(Records from a collection)
········
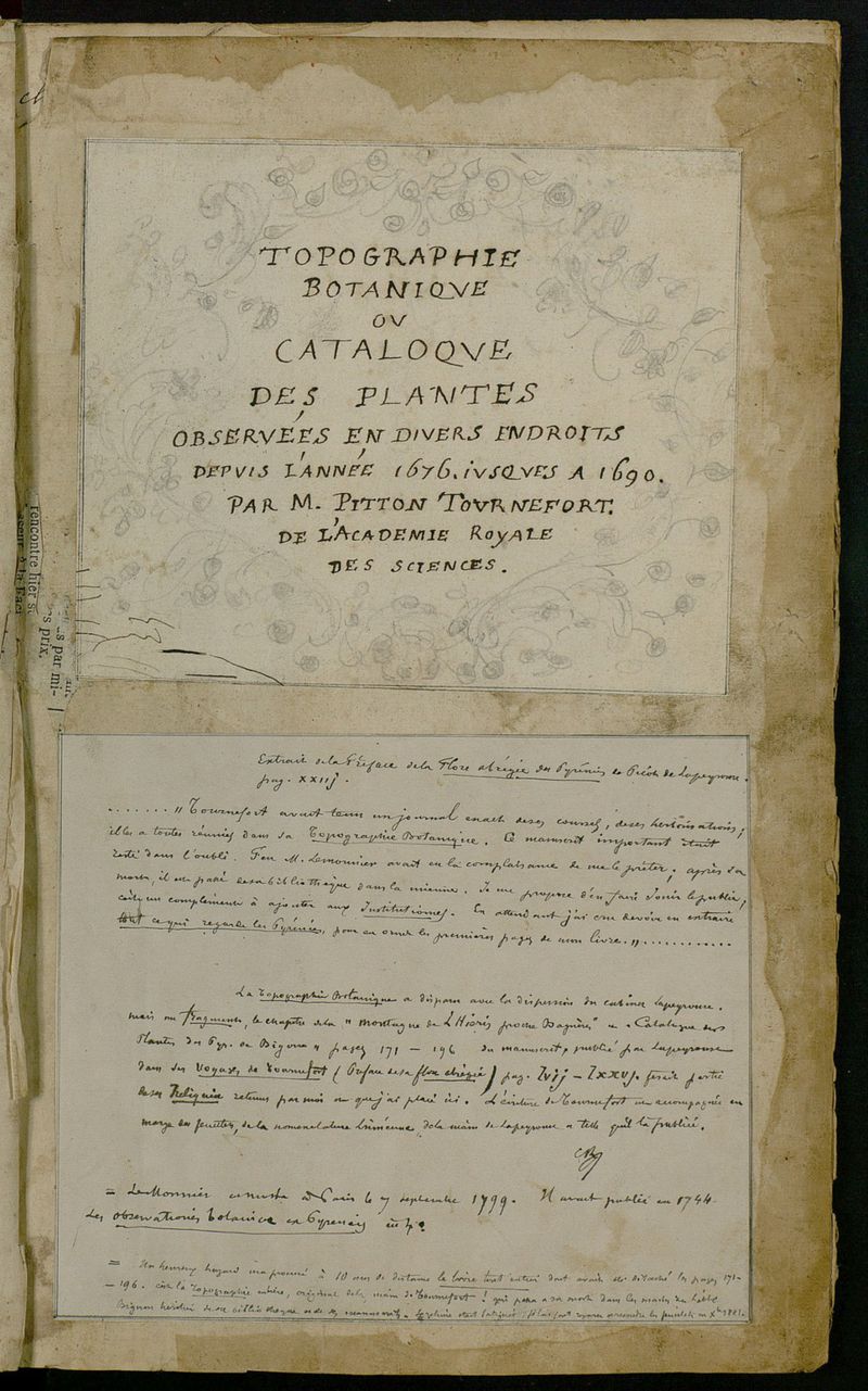 No verso do recorte colado na página de título, pode ler-se: "Lusitania observavit / Catalogue de provence / Des alpes / Des pyrenC)es / De Espagne / De Portugal". - Várias notas ms. - A seguir C s guardas, em fol. capeando separata de Botanisches Centralblatt, 17 (1882) sobre o manuscrito de Pitton de Tournefort, nota ms. ass. por Júlio Henriques : " Foi-me offerecido este manuscripto para a bibliotheca do jardim botanico da Universidade de Coimbra pelo Snr. Casimiro RoumeguC(re, redactor da Revue Mycologique, em 15 de dezembro de 1882. [Ass.] Julio A. Henriques".
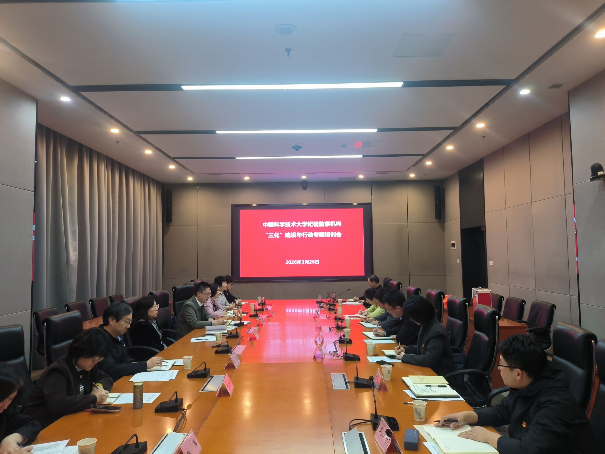 2026年3月26日下午,纪检监察机构举办“纪检监察工作规范化法治化正规化建设年”行动专题培训会,校党委副书记、纪委书记、国家监委驻中国科大监察专员刘浏主持会议并讲话。校纪检监察机构和附属医院纪委专职纪检干部参加会议。
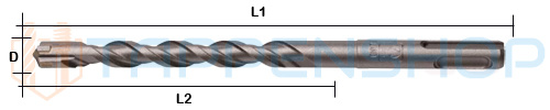 (L2)= Spiraallengte van de‚ betonboor
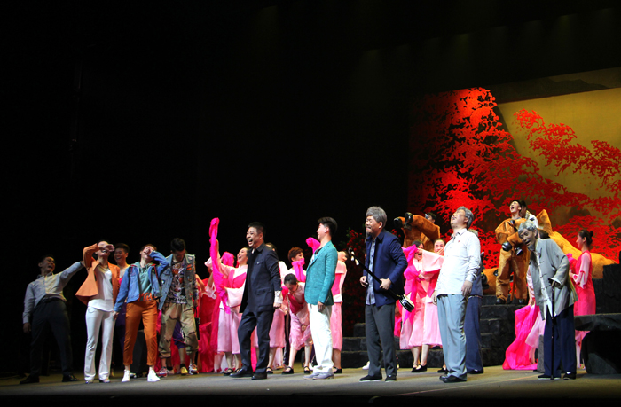 “劇本選題好、舞臺畫面感強、音樂接地氣,尤其是青春靚麗的演員們,使人眼前一亮……再經打磨,這部戲一定能成為河南又一部精品大戲,也將成為河南豫劇院青年團的壓箱底劇目。”7月8日晚,觀看完豫劇現代戲《堯山情》之后,省內戲曲名家們在連夜召開的研討會上如此評價該劇,并為該劇的提升出謀劃策。
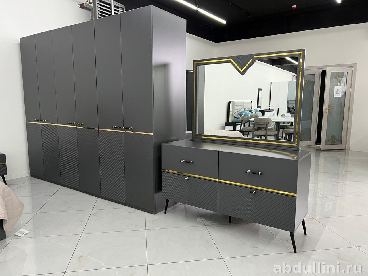 Стиль: модный с элементами ар-деко. Геометрические формы, сочетание темных тонов с золотом делают комплект универсальным для любого интерьера.
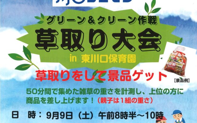 9月9日(土)川口コミュニティ推進協議会まちづくり部会主催の、グリーン&クリーン作戦「草取り大会」in東川口保育園、を開催します。50分間で採った草の重量の多い方には景品あり!!みんなで楽しみながら、子供たちの遊ぶ園庭を綺麗にして景品をゲットしましょう。たくさんの参加お待ちしております。
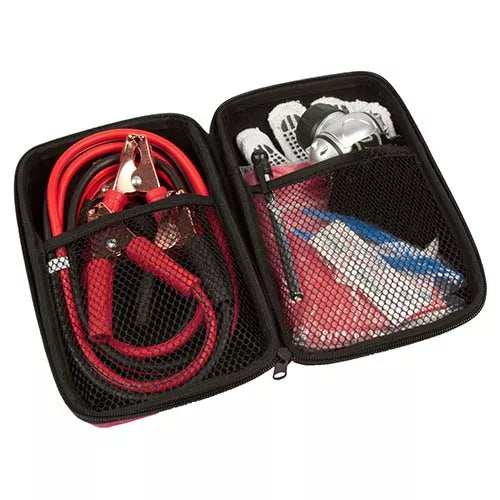 Descripción | Contiene cables pasa corriente (100 amp), medidor de presion de aire (50 psi), guantes, impermeable, vendas adheribles para proteger heridas, pinza, estuche y lampara para cabeza con 7 LEDS, utiliza 3 baterias AAA (no incluidas). |
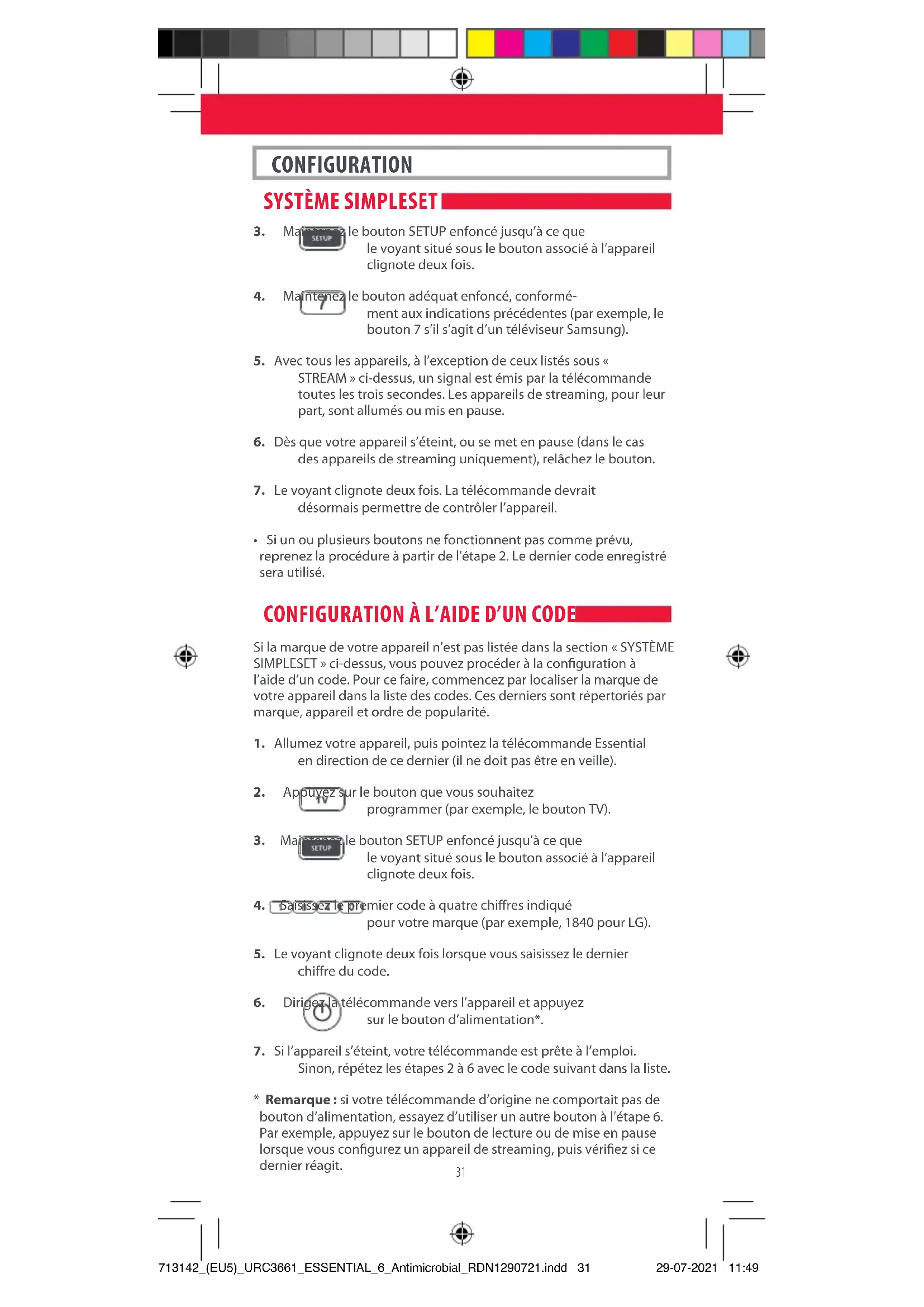 - Remarque : si votre télécommande d’origine ne comportait pas de bouton d’alimentation, essayez d’utiliser un autre bouton à l’étape 6. Par exemple, appuyez sur le bouton de lecture ou de mise en pause lorsque vous congurez un appareil de streaming, puis vériez si ce dernier réagit. 713142_(EU5)_URC3661_ESSENTIAL_6_Antimicrobial_RDN1290721.indd 31713142_(EU5)_URC3661_ESSENTIAL_6_Antimicrobial_RDN1290721.indd 31 29-07-2021 11:4929-07-2021 11:4932 CONFIGURATION
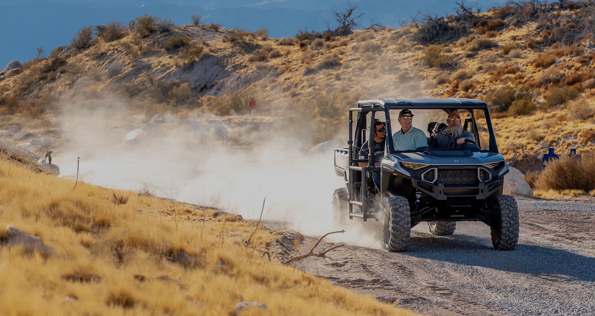 Navigate rugged desert terrain in a UTV while engaging targets in real time.
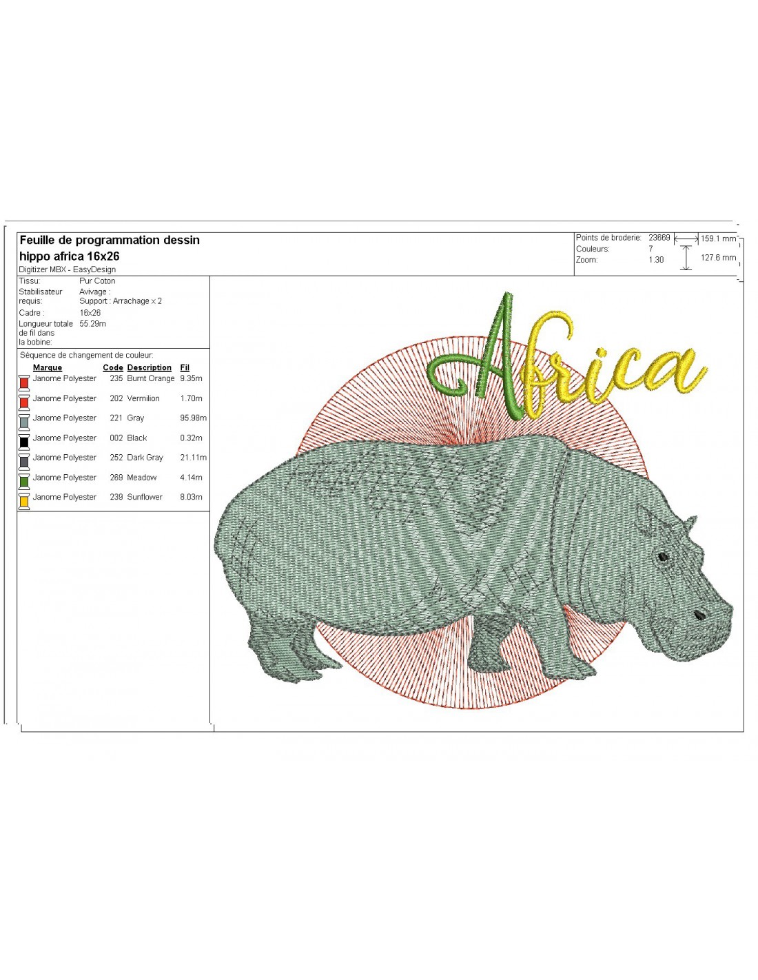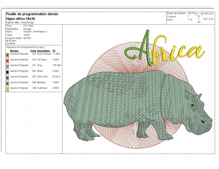 Instant download machine embroidery design hippopotamus africa
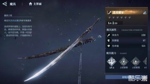 次元过客维吉尔的专属魔具为一把缠绕着无尽魔力的武士刀——恶炎獠牙。
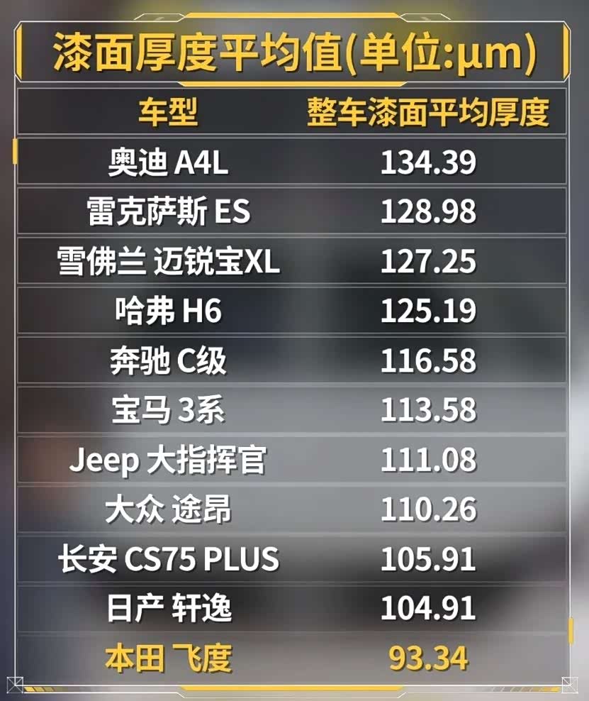 首先是车身漆面平均厚度,飞度的车身漆面平均厚度为93.34微米,在所测车型当中排名垫底。换句话说,就是这辆车的车漆非常的薄,一个简单的小剐蹭,底漆直接就没了。所以这辆车不能经常剐蹭,不能经常抛光。
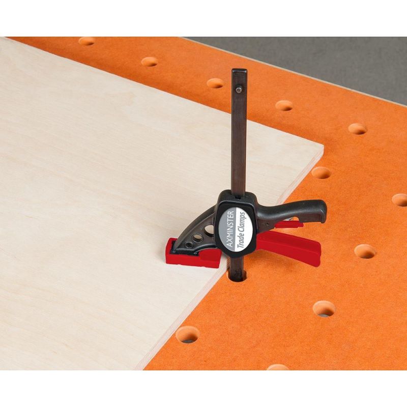 - Owners of multi function workbenches can use the clamp as a hold-down simply by inserting the spigot into a dog hole. The single-handed operation leaves one hand free to steady the workpiece. The moving jaw has a resilient protective pad to prevent damage to delicate surfaces.
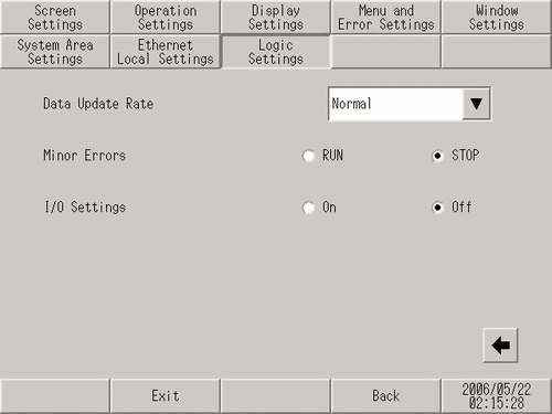 从[RUN]或[STOP]中选择人机界面开机时的逻辑操作。
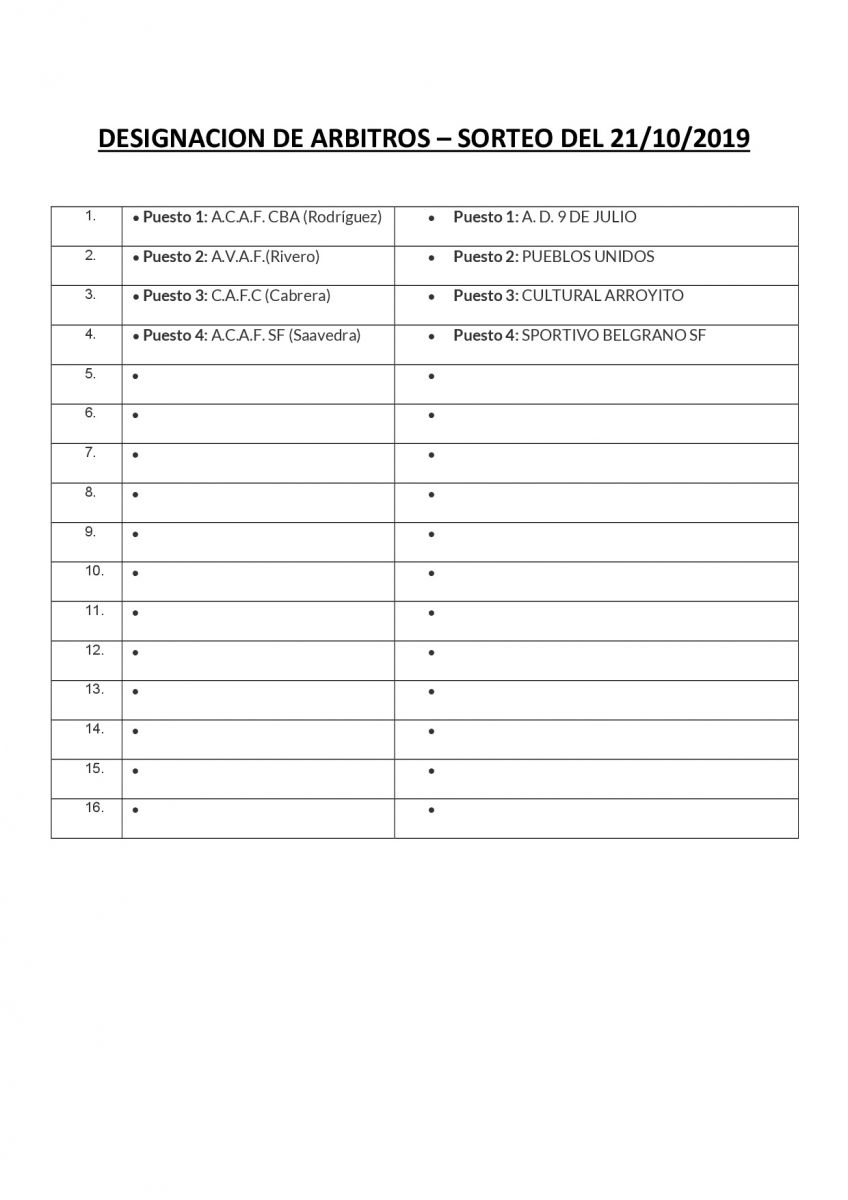 SORTEO DE ARBITRO PARA EL PRÓXIMO FIN DE SEMANA
········
__What is being asked__
Each line from the first line of the data above through the one containing "Instant download machine" must be set down exactly; the pictures must not be.

__Response box__
 No verso do recorte colado na página de título, pode ler-se: "Lusitania observavit / Catalogue de provence / Des alpes / Des pyrenC)es / De Espagne / De Portugal". - Várias notas ms. - A seguir C s guardas, em fol. capeando separata de Botanisches Centralblatt, 17 (1882) sobre o manuscrito de Pitton de Tournefort, nota ms. ass. por Júlio Henriques : " Foi-me offerecido este manuscripto para a bibliotheca do jardim botanico da Universidade de Coimbra pelo Snr. Casimiro RoumeguC(re, redactor da Revue Mycologique, em 15 de dezembro de 1882. [Ass.] Julio A. Henriques".
 2026年3月26日下午,纪检监察机构举办“纪检监察工作规范化法治化正规化建设年”行动专题培训会,校党委副书记、纪委书记、国家监委驻中国科大监察专员刘浏主持会议并讲话。校纪检监察机构和附属医院纪委专职纪检干部参加会议。
 (L2)= Spiraallengte van de‚ betonboor
 “劇本選題好、舞臺畫面感強、音樂接地氣,尤其是青春靚麗的演員們,使人眼前一亮……再經打磨,這部戲一定能成為河南又一部精品大戲,也將成為河南豫劇院青年團的壓箱底劇目。”7月8日晚,觀看完豫劇現代戲《堯山情》之后,省內戲曲名家們在連夜召開的研討會上如此評價該劇,并為該劇的提升出謀劃策。
 Стиль: модный с элементами ар-деко. Геометрические формы, сочетание темных тонов с золотом делают комплект универсальным для любого интерьера.
 9月9日(土)川口コミュニティ推進協議会まちづくり部会主催の、グリーン&クリーン作戦「草取り大会」in東川口保育園、を開催します。50分間で採った草の重量の多い方には景品あり!!みんなで楽しみながら、子供たちの遊ぶ園庭を綺麗にして景品をゲットしましょう。たくさんの参加お待ちしております。
 Descripción | Contiene cables pasa corriente (100 amp), medidor de presion de aire (50 psi), guantes, impermeable, vendas adheribles para proteger heridas, pinza, estuche y lampara para cabeza con 7 LEDS, utiliza 3 baterias AAA (no incluidas). |
 - Remarque : si votre télécommande d’origine ne comportait pas de bouton d’alimentation, essayez d’utiliser un autre bouton à l’étape 6. Par exemple, appuyez sur le bouton de lecture ou de mise en pause lorsque vous congurez un appareil de streaming, puis vériez si ce dernier réagit. 713142_(EU5)_URC3661_ESSENTIAL_6_Antimicrobial_RDN1290721.indd 31713142_(EU5)_URC3661_ESSENTIAL_6_Antimicrobial_RDN1290721.indd 31 29-07-2021 11:4929-07-2021 11:4932 CONFIGURATION
 Navigate rugged desert terrain in a UTV while engaging targets in real time.
 Instant download machine embroidery design hippopotamus africa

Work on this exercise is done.